**WORK ITEM**
A faithful transcript of all the lines below, with no pictures, is the goal here.

Items from a data source:
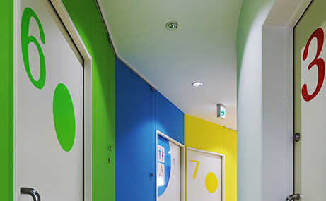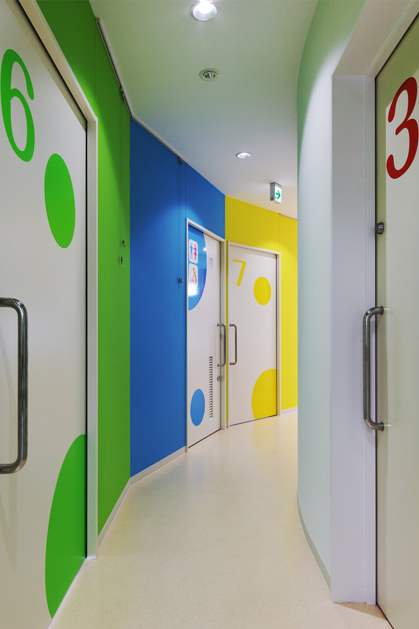 閑靜な住宅街に建つ小児科クリニックの計畫です。主要な道路に面しない計畫地に対して、何らかの配慮が必要とされました。サークル狀の動線を取り入れることで患者さまとスタッフの導線を分けるなど、感染対策のゾーン分けにも考慮しました。その動線による円形プランに変化を與え、道行く人にインパクトを與え記憶に殘るファザードを試みました。訪れた子どもたちが「何だろう」と好奇心を抱いてくれれば幸いです。
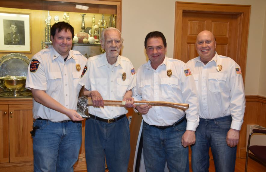 The Centerport Fire Department recently honored Ex-Chief William “Bill” Wamp for his 65 years of dedicated service. Wamp was presented with an engraved firefighter’s axe and an anniversary cake that was shared by the membership. Wamp joined the Centerport Fire Department in 1952 and was assigned to Engine Company Two. He served as Company Lieutenant and Captain, and was later elected to Assistant Chief and then Chief of the Department in 1979 and 1981. Wamp was also a 20-year member of the Centerport Rescue Squad. Under Chief Wamp’s leadership, the Department battled a massive fire that destroyed Linck’s Log Cabin in 1981, a landmark restaurant for over 50 years that closed a year and a half earlier.
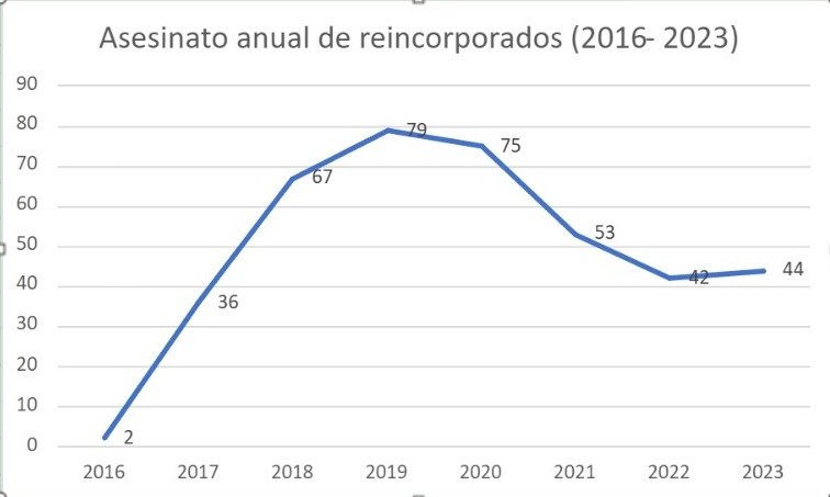 Sin embargo, al primer ex combatiente que asesinaron fue Wrayner Andrés Bayona Blanco, en Tibú Norte de Santander, el 3 de febrero del 2017. Desde entonces han asesinado a más de 400 firmantes. La ONU afirma que han matado a un firmante cada seis días. Las cifras de líderes asesinados en Colombia también son preocupantes. A pesar de que el gobierno Pero tuvo como premisa de campaña parar los asesinatos el año pasados estos llegaron a 188, uno menos que el último año en el que fue presidente Iván Duque.
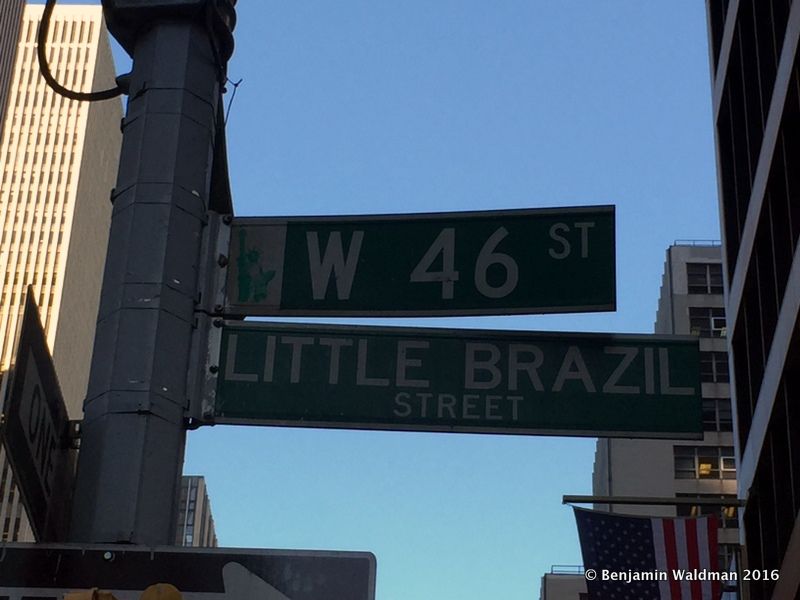 In addition to the statues, one Midtown street was renamed in recognition of the lofty goals of Pan-American friendship espoused by the name, Avenue of the Americas. West 46th Street, situated between Fifth Avenue and the Avenue of the Americas was renamed Little Brazil Street in 1996. The street was renamed in honor of more than 500,000 Brazilian immigrants living in the United States, close to a fifth of which live in New York City. At the time, there were numerous Brazilian establishments located along the block. Today, with the exception of Brazilian Day on September 4th, few remnants remain of the street’s vibrant Brazilian past.
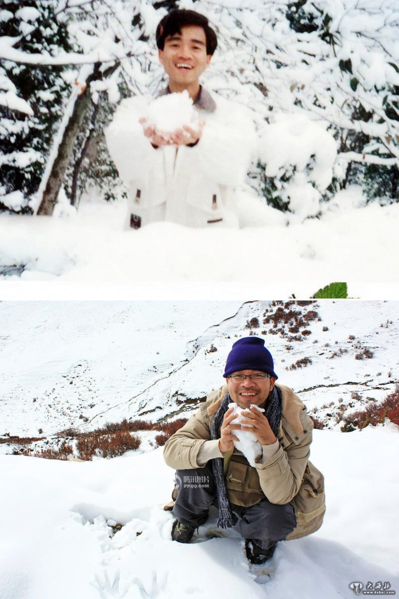 上图是大一的时候在安徽拍的,那是我第一次看到下雪,别提多开心了,赶紧去相馆租了个傻瓜相机在校园里狂拍起来。下图是现在的我,二十年后来内地看雪,我已步入中年。虽然容颜渐老,头发也不再浓密,但我欣慰自己保持着一颗童心。作者:林松
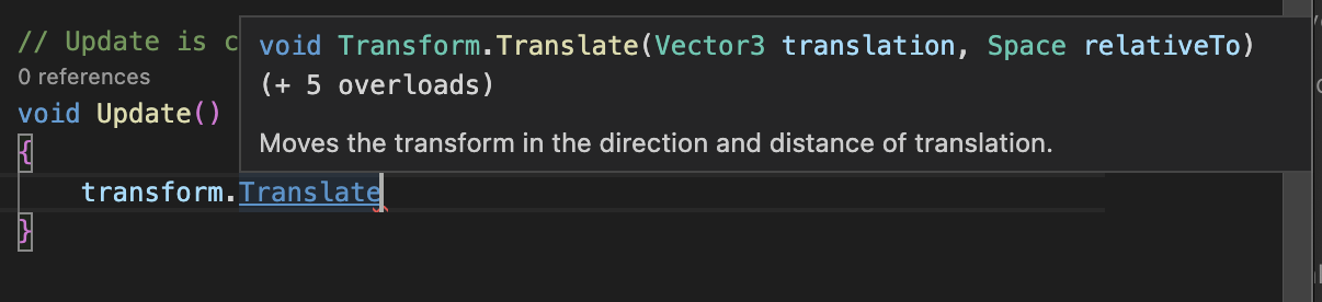 transform.Rotate를 통해 오브젝트를 회전 시킬수 있고, Translate를 통해 움직일수 있다는 것을 배웠다.

**SOLUTION TO THE PROBLEM**
 閑靜な住宅街に建つ小児科クリニックの計畫です。主要な道路に面しない計畫地に対して、何らかの配慮が必要とされました。サークル狀の動線を取り入れることで患者さまとスタッフの導線を分けるなど、感染対策のゾーン分けにも考慮しました。その動線による円形プランに変化を與え、道行く人にインパクトを與え記憶に殘るファザードを試みました。訪れた子どもたちが「何だろう」と好奇心を抱いてくれれば幸いです。
 The Centerport Fire Department recently honored Ex-Chief William “Bill” Wamp for his 65 years of dedicated service. Wamp was presented with an engraved firefighter’s axe and an anniversary cake that was shared by the membership. Wamp joined the Centerport Fire Department in 1952 and was assigned to Engine Company Two. He served as Company Lieutenant and Captain, and was later elected to Assistant Chief and then Chief of the Department in 1979 and 1981. Wamp was also a 20-year member of the Centerport Rescue Squad. Under Chief Wamp’s leadership, the Department battled a massive fire that destroyed Linck’s Log Cabin in 1981, a landmark restaurant for over 50 years that closed a year and a half earlier.
 Sin embargo, al primer ex combatiente que asesinaron fue Wrayner Andrés Bayona Blanco, en Tibú Norte de Santander, el 3 de febrero del 2017. Desde entonces han asesinado a más de 400 firmantes. La ONU afirma que han matado a un firmante cada seis días. Las cifras de líderes asesinados en Colombia también son preocupantes. A pesar de que el gobierno Pero tuvo como premisa de campaña parar los asesinatos el año pasados estos llegaron a 188, uno menos que el último año en el que fue presidente Iván Duque.
 In addition to the statues, one Midtown street was renamed in recognition of the lofty goals of Pan-American friendship espoused by the name, Avenue of the Americas. West 46th Street, situated between Fifth Avenue and the Avenue of the Americas was renamed Little Brazil Street in 1996. The street was renamed in honor of more than 500,000 Brazilian immigrants living in the United States, close to a fifth of which live in New York City. At the time, there were numerous Brazilian establishments located along the block. Today, with the exception of Brazilian Day on September 4th, few remnants remain of the street’s vibrant Brazilian past.
 上图是大一的时候在安徽拍的,那是我第一次看到下雪,别提多开心了,赶紧去相馆租了个傻瓜相机在校园里狂拍起来。下图是现在的我,二十年后来内地看雪,我已步入中年。虽然容颜渐老,头发也不再浓密,但我欣慰自己保持着一颗童心。作者:林松
 transform.Rotate를 통해 오브젝트를 회전 시킬수 있고, Translate를 통해 움직일수 있다는 것을 배웠다.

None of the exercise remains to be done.